17. Fogli di carta fissi alle porte

44 9 46
                                    

Un suono stridulo e cadenzato arriva alle mie orecchie come un coltello sottile e affilato che mi trapassa la testa ripetutamente. I timpano chiedono pietà a gran voce, le tempie dolenti non smettono di pulsare al ritmo di una musica che si ripete ogni cinque minuti.

A occhi chiusi tasto un comodino che non riconosco, non è quello della mia stanza, e ne ho la certezza quando la mano entra in contatto con il legno freddo e spoglio di un tavolo che non sa cosa significhi il calore e il profumo di pagine stampate posate su di esso. Tastarlo in ogni angolo è inutile: il suono proviene dal lato opposto rispetto a quello in cui mi trovo.

Apro le palpebre con riluttanza e allungo il braccio verso l'altra metà del letto nella speranza di riuscire ad afferrare il telefono che non la pianta di strillare e vibrare; con Eva nel mezzo ogni mio sforzo viene vanificato dal suo corpo immobile. Le muovo il fianco con il ginocchio ma ricevo in risposta un mugugno sognante.

«Nella mia vita precedente devo aver combinato parecchi guai per essermi meritata una rossa con il sonno pesante» sussurro a me stessa alzando la voce mentre pronuncio le ultime parole.

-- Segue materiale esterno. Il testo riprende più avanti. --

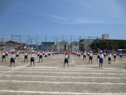 3年生は「Ring・リング・2014」をやりました。フラフープが綺麗に舞う姿は素晴しかったです。また綺麗に揃って入退場した3年生の姿に感動しました。
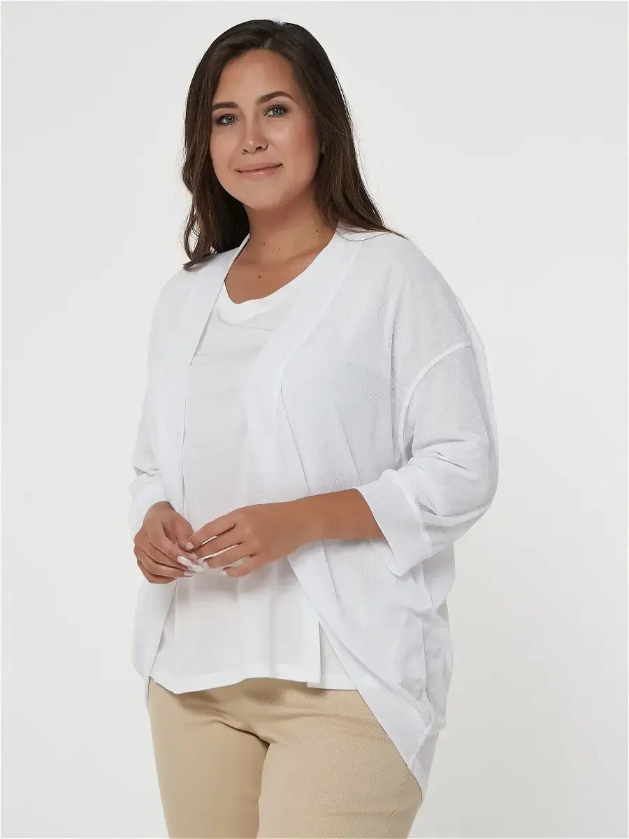 Женский кардиган свободного силуэта без застёжки, с обтачкой по горловине и фигурному борту, из тонкого полупрозрачного трикотажа с фактурной полоской. Длина по спинке: р.48-80смр.50-80,5смр.52-81смр.54-81,5смр.56-82смр.58-82,5смр.60-83смр.62-83,5смр.64-84смр.66-84,5смр.68-85смр.70-85,5смДлина рукава 45см.

Lei continua a non dare cenni di vita e, ricordando i più fastidiosi insegnamenti di Celeste, credo che l'unica soluzione sia quella di svegliarla nel modo più odioso che conosco, ma prima devo spegnere la sveglia a tutti i costi.

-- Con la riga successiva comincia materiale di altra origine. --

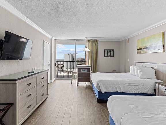 Looking for a vacation get away spot or a great investment opportunity? Home of the famous Ocean Annie's Beach Bar! This gorgeous recently remodeled and fully furnished unit located on the 12th floor at Sands Ocean Club is the perfect spot! Enjoy the breathtaking views overlooking the glistening ocean and Ocean Annie's Beach Bar. This comfy, cozy efficiency has everything you need in the room and at the resort. Cook in on the brand new appliances including a 2 burner radiant cook top and under mount microwave or go down to the restaurants onsite, or walk right down the block! Enjoy this turn key, updated condo including the bedding and furniture, TV, LVT flooring in galley and bathroom, LVP in common area, brand new bathtub/shower, New White Shaker Cabinets with soft close hinges, Granite Counter Tops & Fixtures in Kitchen And Bath. This property is minutes away from shopping, dining, golf courses and attractions that is fun for all ages. Enjoy a massage at the resort spa, shop at the on-site stores, or have a drink at Ocean Annie's right by the beach! Other amenities include lazy river, outdoor pool, indoor pool, indoor jacuzzi, fitness center, laundry facility, restaurant, gift shop, grocery store, ball room, a lounge/bar, and more! Schedule your showing today! This Condo has been given an A+ rating per Sands Ocean Club Owner Services Manager.

Mi alzo dal letto con riluttanza, il corpo è pesante come un macigno, e trascino i piedi sul parquet tiepido fino ad afferrare il telefono, ora in pausa.

La piacevole sensazione di silenzio e tranquillità di una giornata di neve invernale si impadronisce dell'ossigeno della stanza. Tra le mie mani un lento vibrare ricomincia, riportando le quattro mura all'interno di un caotico frastuono, e, sebbene ne sia decisamente infastidita, le iridi color pece dei miei occhi non possono far altro che posarsi sull'orario.

Cazzo, penso.

«Cazzo!» Urlo in preda a una scarica di agitazione che mi fa cadere in un baratro di panico.

«Eva, svegliati! Sono le dieci e siamo in ritardo!» Provo a strattonarla più che posso mentre, con tutta l'aria che ho nei polmoni, le grido nell'orecchio. Le provoco un lieve e impercettibile lamento.

«Non farmelo fare, Smith! Ti concedo due secondi per aprire gli occhi, altrimenti...» non conto, non le do il tempo di scoprire quale sia il piano a cui ho pensato. Non dovrei farlo, se penso a tutte le volte che Celeste ha usato questa tecnica con me, mi sale il nervoso.

Afferro l'angolo del piumino, espiro profondamente e tiro il tessuto fino a scoprire completamente Eva, piedi compresi.

«Questo non dovevi farmelo, Davis!» La voce della rossa è ruvida, tagliente, e molto incazzata. Occhi assonnati di un verde smeraldo mi inceneriscono a ogni sguardo.
Sei stata proprio crudele, Amelia.

«Sei crudele, Davis» piagnucola come una bambina.
«Non sei la prima a dirmelo questa mattina» la vocina nella mia testa ci ha già pensato.

Sento qualcosa di morbido impattare contro la mia faccia cogliendomi completamente alla sprovvista. Tra le mani ho il cuscino con cui ha dormito Eva questa notte; questo è il genere di gesti che mi fanno alzare gli occhi al cielo, sono esasperanti.

«Allora, perché mi hai svegliato?» chiede lei con gli occhi da cerbiatto.
«Sono le dieci e siamo in ritardo per la prima lezione dell'anno scolastico. Mi avevi promesso...» non faccio in tempo a finire la frase che lei si lancia sul materasso e si avvolge in un bozzolo di coperte.

Si intravedono unicamente le sue iridi vispe e divertite, poi la sento dire qualcosa: «Davis, sei tu quella che sta facendo tardi. Io sono al secondo anno e per oggi non ho lezioni in programma».